Date: City; Country; Venue; Opening act
Leg 1 — North America
May 23, 2012: Santa Barbara; United States; Santa Barbara Bowl; The Sights
May 24, 2012: Oakland; Fox Oakland Theatre
May 26, 2012: Bend; Les Schwab Amphitheater
May 27, 2012: Vancouver; Canada; PNE Amphitheatre
May 28, 2012: George; United States; Sasquatch Music Festival
Leg 2 — Europe
June 1, 2012: Nuremberg; Germany; Rock im Park Festival
June 2, 2012: Nürburg; Rock am Ring Festival
June 3, 2012: Amsterdam; Netherlands; Heineken Music Hall; The Bots
June 5, 2012: London; England; Brixton Academy
June 6, 2012
June 7, 2012
June 9, 2012: Leicestershire; Download Festival
June 10, 2012: Manchester; Manchester Apollo; The Bots
June 11, 2012: Glasgow; Scotland; Scottish Exhibition and Conference Centre
Leg 3 — North America
June 23, 2012: Nashville; United States; Ryman Auditorium; The Sights
June 25, 2012: Atlanta; Tabernacle
June 26, 2012: Charlotte; The Fillmore
June 28, 2012: New York City; Hammerstein Ballroom
June 29, 2012
June 30, 2012: Philadelphia; Festival Pier at Penn's Landing; The Sights and The Front Bottoms
July 2, 2012: Boston; Bank of America Pavilion; The Sights
July 3, 2012: Uncasville; Mohegan Sun Arena
July 5, 2012: Toronto; Canada; Echo Beach; The Protomen
July 6, 2012: Detroit; United States; The Fillmore Detroit; The Sights
July 7, 2012: Chicago; Aragon Ballroom; The Sights and Urge Overkill
July 19, 2012: Austin; Austin Music Hall; The Sights
July 20, 2012: Dallas; Palladium Ballroom
July 21, 2012: Tulsa; Brady Theater
July 23, 2012: St.
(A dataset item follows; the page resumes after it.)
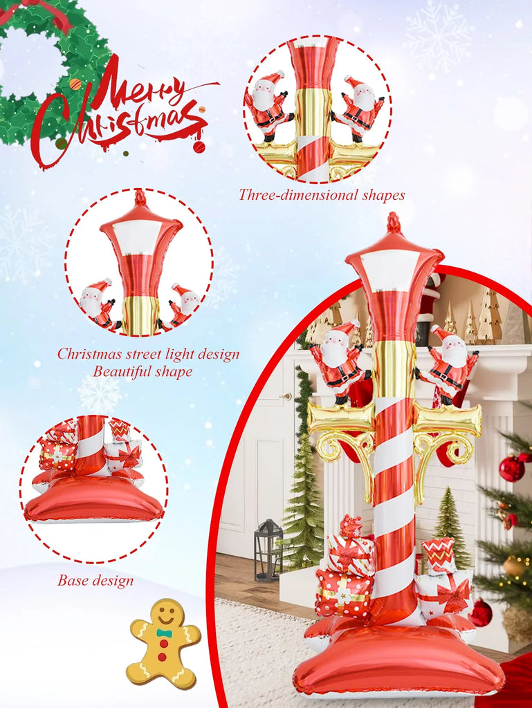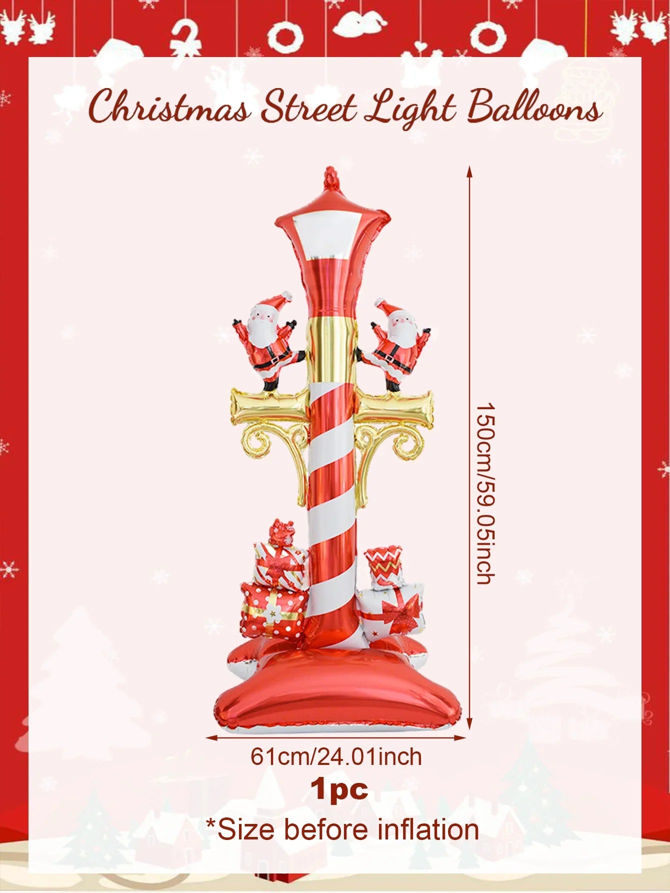 1pc large standing Christmas street light balloon, suitable for Christmas theme events and scene decoration, New Year party

Louis; The Pageant
July 24, 2012: Kansas City; Uptown Theater
July 26, 2012: Morrison; Red Rocks Amphitheatre
July 28, 2012: Las Vegas; House of Blues
July 29, 2012: San Diego; San Diego State University's Open Air Theater
July 31, 2012: Los Angeles; Wiltern Theatre
Leg 4 — Europe
October 11, 2012: Munich; Germany; Zenith; The Sights
October 12, 2012: Hamburg; Alsterdorfer Sporthalle
October 14, 2012: Düsseldorf; Mitsubishi Electric Halle
October 15, 2012: Frankfurt; Jahrhunderthalle
October 16, 2012: Milan; Italy; Mediolanum Forum
October 18, 2012: Brighton; England; Brighton Centre
October 20, 2012: Dublin; Ireland; The O2
October 21, 2012: Wolverhampton; England; Wolverhampton Civic Hall
October 23, 2012: Manchester; Manchester Apollo
October 24, 2012: London; Hammersmith Apollo

==Personnel==

- Jack Black – lead vocals, rhythm acoustic guitar
- Kyle Gass – lead acoustic guitar, backing vocals
- John Konesky – electric guitar, backing vocals
- John Spiker – bass guitar, backing vocals
- Brooks Wackerman – drums

==Incidents==

During the Las Vegas performance on July 28, 2012, a brawl involving a dozen or so people broke out in the crowd by the stage. A few people were pulled out and the show continued. During the incident, there was a stabbing. Police were called to the scene as it was reported by a steward. By the time the police had arrived, Tenacious D had just finished "Friendship" which was the fourteenth song out of the planned twenty-three songs. The duo quickly played "Tribute" before the venue was cleared out. The man who was stabbed recovered.